We dropped, or made optional, a number of dependencies. Memfault for Linux will be easier to integrate and run on a wider variety of configuration.

Changed

  • memfaultd does not require systemd anymore. On Yocto, the systemd feature will be activated automatically if your distribution includes systemd. When systemd is not used, memfaultd will not be able to detect "user triggered" shutdown or reboot. You should use the last_reboot_reason file API to notify memfaultd before doing a normal shutdown.
  • memfaultd will now default to using a Rust TLS library in place of OpenSSL. This adds about 800kB to the memfaultd binary. If you do have OpenSSL on your system and prefer to use it, you can set the openssl-tls option (in your PACKAGECONFIG for the memfaultd recipe) to continue using OpenSSL.
  • memfaultd now supports an upload_interval set to 0. When upload_interval is 0, memfaultd will never try to upload data on its own. Data will be written to disk and deleted when the size or inode limits are exceeded. You can still call memfaultctl sync (or send the SIGUSR1 signal) to force an immediate upload.

Removed

  • Cleaned up some of the upload code to remove some dead paths and gain a bit of code size.

Fixed

  • Fluent Bit changed their output format in version 2.1. This version of memfaultd supports both the old and new format.

1.5.0 - 2023-07-18

This release introduces fleet-sampling to the Linux SDK. It also uniformizes all data transfers to use the MAR (Memfault Archive) format, including heartbeats messages which were previously uploaded directly by collectd to the cloud. memfaultd now exposes a local http endpoint to receive metrics and will upload them as MAR files.

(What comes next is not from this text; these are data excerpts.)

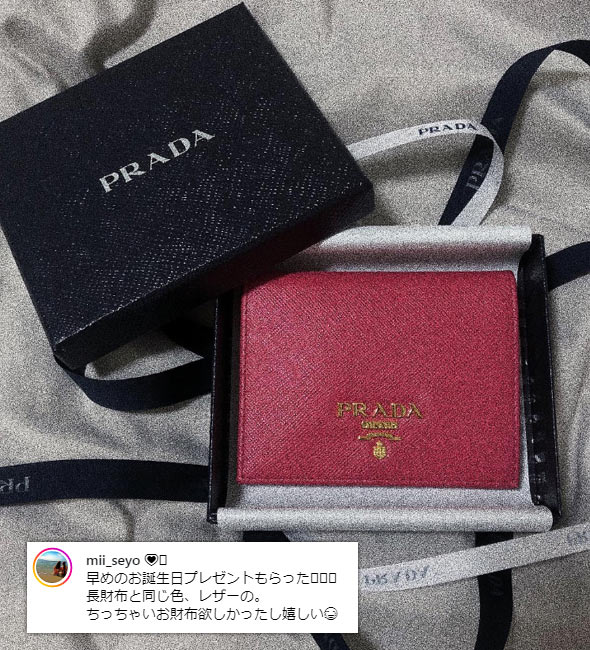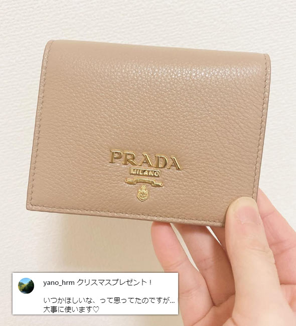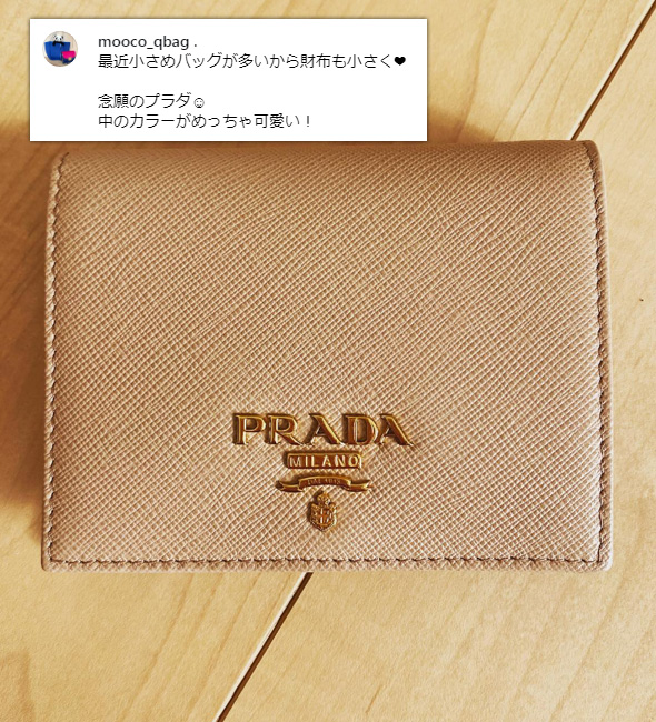 ミニバッグに入れれる小さいお財布をずっと探していたからすごく嬉しかった! 革は上質な物がいいってことでPRADAに。
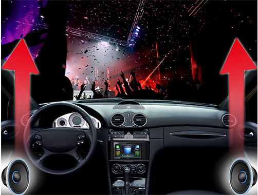 Space Enhancement is a virtual surround technology using 2 speakers. Just select the vehicle size, and the receiver automatically adjusts the sound effectively.
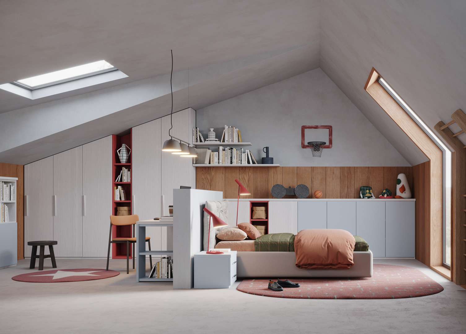 CM309 Colori vivaci interrompono la monotonia dei colori tenui in una cameretta per ragazzi, con armadio battente mansardato per sfruttare tutto lo spazio in altezza.
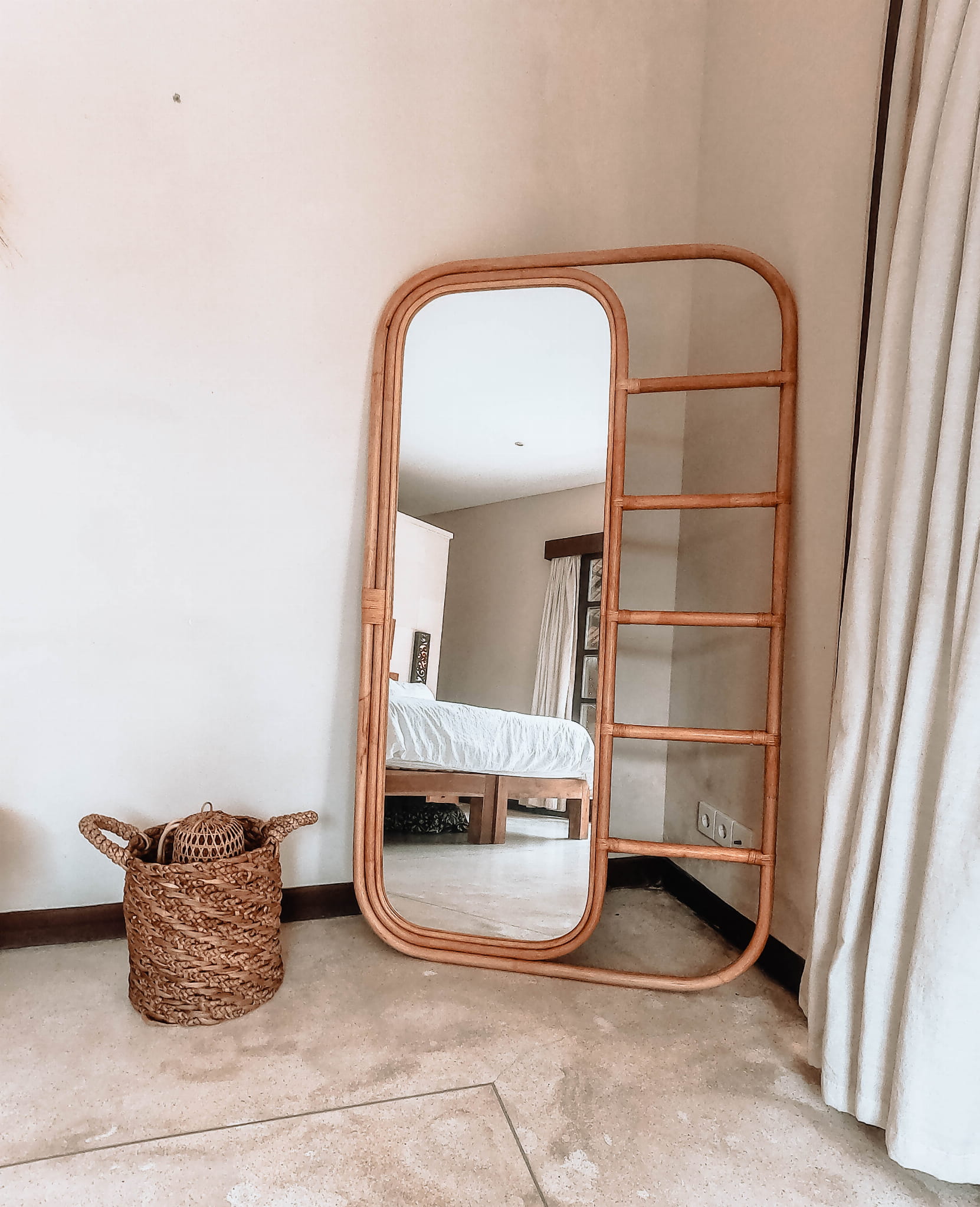 Duże Lustro Rattanowe Roja to idealny dodatek dla miłośnikównaturalnego stylu oraz stylu Boho,to połączenie designu z oryginalną i ponadczasową prostotą.Jego konstrukcja wykonana jest z wytrzymałego rattanu.
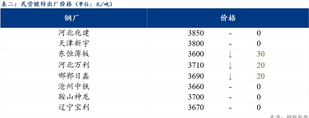 现北方地区民营镀锌板卷整体出厂价格在3600-3850元/吨。
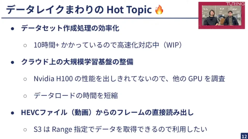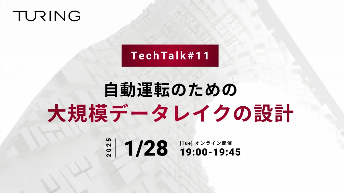 2025年1月28日、チューリングではTuring Tech Talk 第11回「自動運転のための大規模データレイクの設計」と題したオンラインイベントを開催しました。
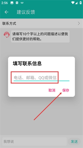 3、在建议反馈界面,点击“联系方式”栏,可打开联系信息的填写弹窗,补充沟通渠道信息。
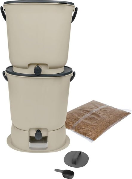 - Lieferumfang: 2 x Eimer, 1 x EM-Aktivator 1 kg, Zubehör (1 x Tassenwerkzeug, 2 x Sieb, 1 x Messlöffel zum Einsetzen des Aktivators, 1 x Behälter zum Auffangen der Gärflüssigkeit), 1 x Basis, 1 x Bedienungsanleitung (evtl. nicht in deutscher Sprache).
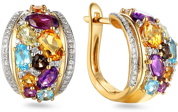Száz csillogó gyémánt, össztömeg 0,410 ct, H szín és tisztaság SI1, ametiszt, citrin, topáz, citromkvarc és füstkvarcit kövek kombinációjával díszítve össztömeg 4,010 ct. Hangsúlyozza szépségét ezzel a varázslatos arany fülbevalóval.
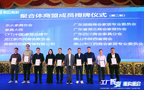会议的最后,省家具协会王克会长以及央企安能集团乡村振兴架构师周建军博士为20家商协会会长进行了数字经济时代的新物种——聚合体商盟成员的授牌仪式,正式揭开了充分体现“共生、共赢、共享”理念的数字化生态圈的共建序幕。 省家具行业数字化转型领导小组副组长、省家具协会执行会长兼秘书长张承志,工作小组成员郭力兵、刘溧云、张靖怡、王娟容、陈志荣等参加本次会议。

Finally it mostly wraps up our transition to Rust. C is only used to parse coredumps (the last piece we will eventually rewrite) and in a few rare places where using Rust is not practical or not possible (calling libsystemd, using libconfig, and triggering a segfault).

Upgrading tldr

This release includes a number of changes that will require changes in your integration.

Specifically:

  • collectd now uses a static configuration file (it's not generated by memfaultd at run-time). You will need to change your collectd.conf file. See the metrics guide for more details.
  • Build-time and run-time configuration references to plugins have all been dropped. Refer to the release notes below for more details.

Added

  • memfaultctl enable-dev-mode now prints a link to the Memfault dashboard where the user can remove server-side limits for this device.
  • Memfault SDK for Linux now supports fleet sampling: you can configure on the server which devices are sending coredumps, logs and metrics. Read our Fleet Sampling documentation for more information.
  • memfaultd now exposes a HTTP server to receive data from collectd. Metrics can be sent at any frequency and memfaultd will aggregate them and upload them on the heartbeat interval (by default, every 60 minutes). Metrics are stored and uploaded using MAR entries.
  • The configuration variable heartbeat_interval_seconds controls the aggregation frequency of metrics.
  • All commands now support the --verbose/-V flag to show extra debug information.

Changed

  • The configuration value refresh_interval_seconds has been renamed to upload_interval_seconds to avoid confusion with the new heartbeat_interval_seconds.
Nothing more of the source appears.